Every number can be represented using an infinitely long remainder sequence. For example, if we take the number 7, and perform 7mod2, then 7mod3, then 7mod4, and so on, we get 1,1,3,2,1,0,7,7,7,7,.....

However, we need the shortest possible remainder subsequence that can still be used to distinguish it from all lower numbers. Using 7 again, [1,1,3] is the shortest subsequence, because all of the previous subsequences don't start with [1,1,3]:

0: 0,0,0,0...
1: 1,1,1,1...
2: 0,2,2,2...
3: 1,0,3,3...
4: 0,1,0,4...
5: 1,2,1,0...
6: 0,0,2,1...

Note that [1,1] doesn't work to represent 7, because it can also be used to represent 1. However, you should output [1] with an input of 1.

#Input/Output

Your input is a non-negative integer.
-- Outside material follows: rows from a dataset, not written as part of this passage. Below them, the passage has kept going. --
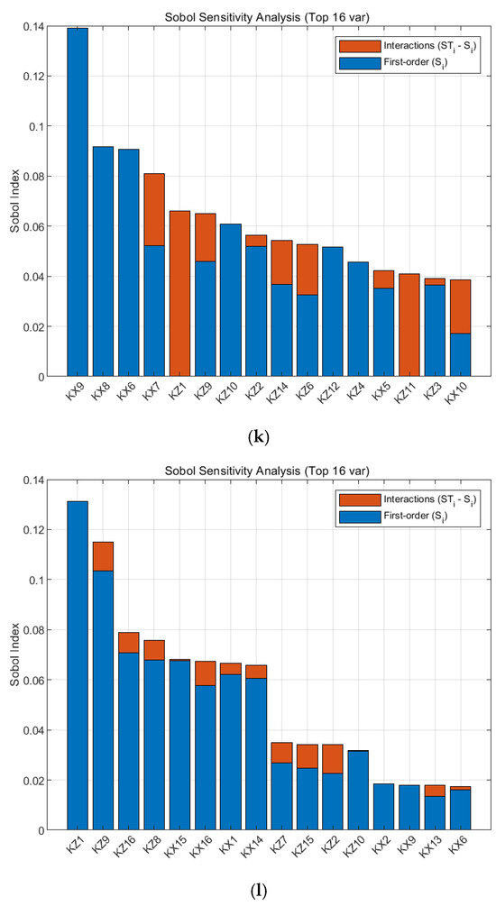 Figure 6 shows that the total sensitivity indices of the parameters also exhibit a strong dynamic dependence on the stiffness ratio. This indicates that the interaction effects of the decision variables are not constant. The graphs also clearly show the transition of dominant influencing parameters (crossover phenomena) and sensitivity peaks in specific regions. Therefore, from a global perspective, the importance of parameters and the strength of their interactions are dynamically changing with the system state. Identifying these highly sensitive configurations is crucial for assessing the overall uncertainty and robustness of the model.
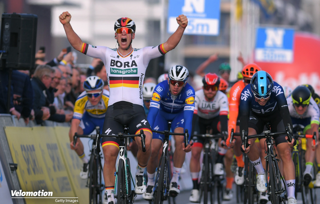 Pelucchi, Moschetti, Fabio Jakobsen o Mathis se verían fuera de la disputa por una caída apenas a 2km de la llegada, mientras tanto UAE, Bora, DQS, CCC, Sky y Lotto Soudal lanzaban el sprint. Esta vez, el alemán del Bora, ajustó mejor los tiempos que en el Nokereberg, y con su sello personal de fuerza y potencia que imprime sobre los pedales anticipó la volata a 150 metros de la meta, en la que el resto solo optar por repartirse el podio. Para el equipo es la novena victoria de la temporada previa al plato fuerte de las clásicas, en 2018, a estas alturas del año, solo había conseguido dos.
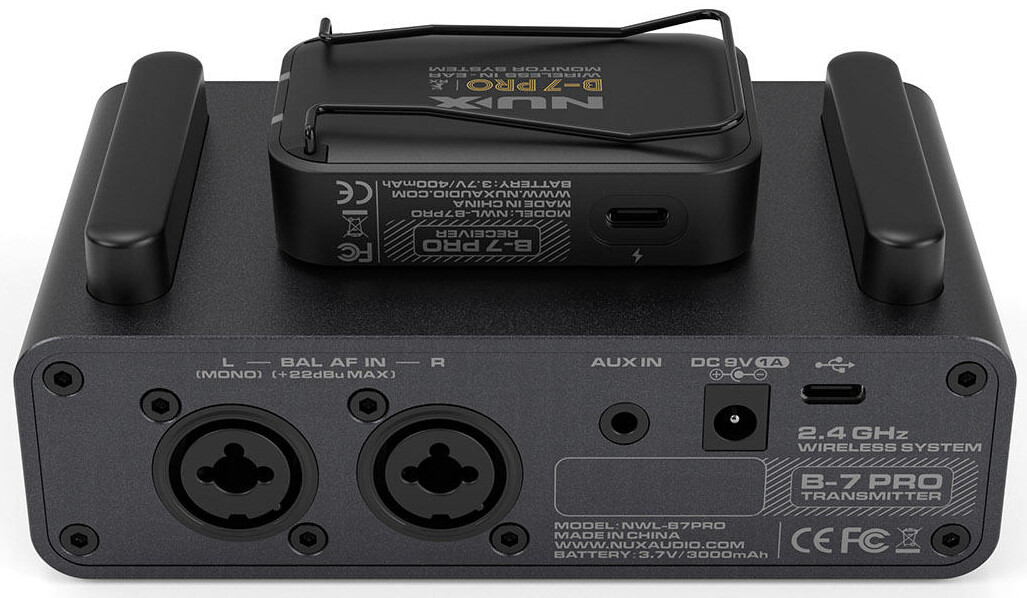 NUX B-7 PRO on digitaalinen, täysin langaton in-ear -monitorijärjestelmä, jossa on automaattinen käyttöönotto, häiriötön 2,4 GHz:n lähetystaajuus ja 24-bittinen/48 kHz korkealaatuinen stereoääni. Sen toimintasäde on jopa 50 metriä, ja langaton siirto tapahtuu erittäin alhaisella viiveellä. Järjestelmän vastaanotin on ladattavissa langattomasti asettamalla se lähettimen päälle. Myös lähettimessä on sisäänrakennettu akku, ja koko järjestelmän akunkesto on jopa 6 tuntia yhdellä latauksella!

You must output a sequence or list of the minimal-length sequence of remainders as defined above.

#Test cases:

0: 0
1: 1
2: 0,2
3: 1,0
4: 0,1
5: 1,2
6: 0,0,2
7: 1,1,3
8: 0,2,0
9: 1,0,1
10: 0,1,2
11: 1,2,3
12: 0,0,0,2
30: 0,0,2,0
42: 0,0,2,2
59: 1,2,3,4
60: 0,0,0,0,0,4
257: 1,2,1,2,5,5
566: 0,2,2,1,2,6,6
1000: 0,1,0,0,4,6,0,1
9998: 0,2,2,3,2,2,6,8,8,10
9999: 1,0,3,4,3,3,7,0,9,0

Here are the first 10,000 sequences, in case you are interested (the line numbers are off by 1).

This is a , so make it as short as you can in your favorite language. Fake bonus points for any answers that are fast!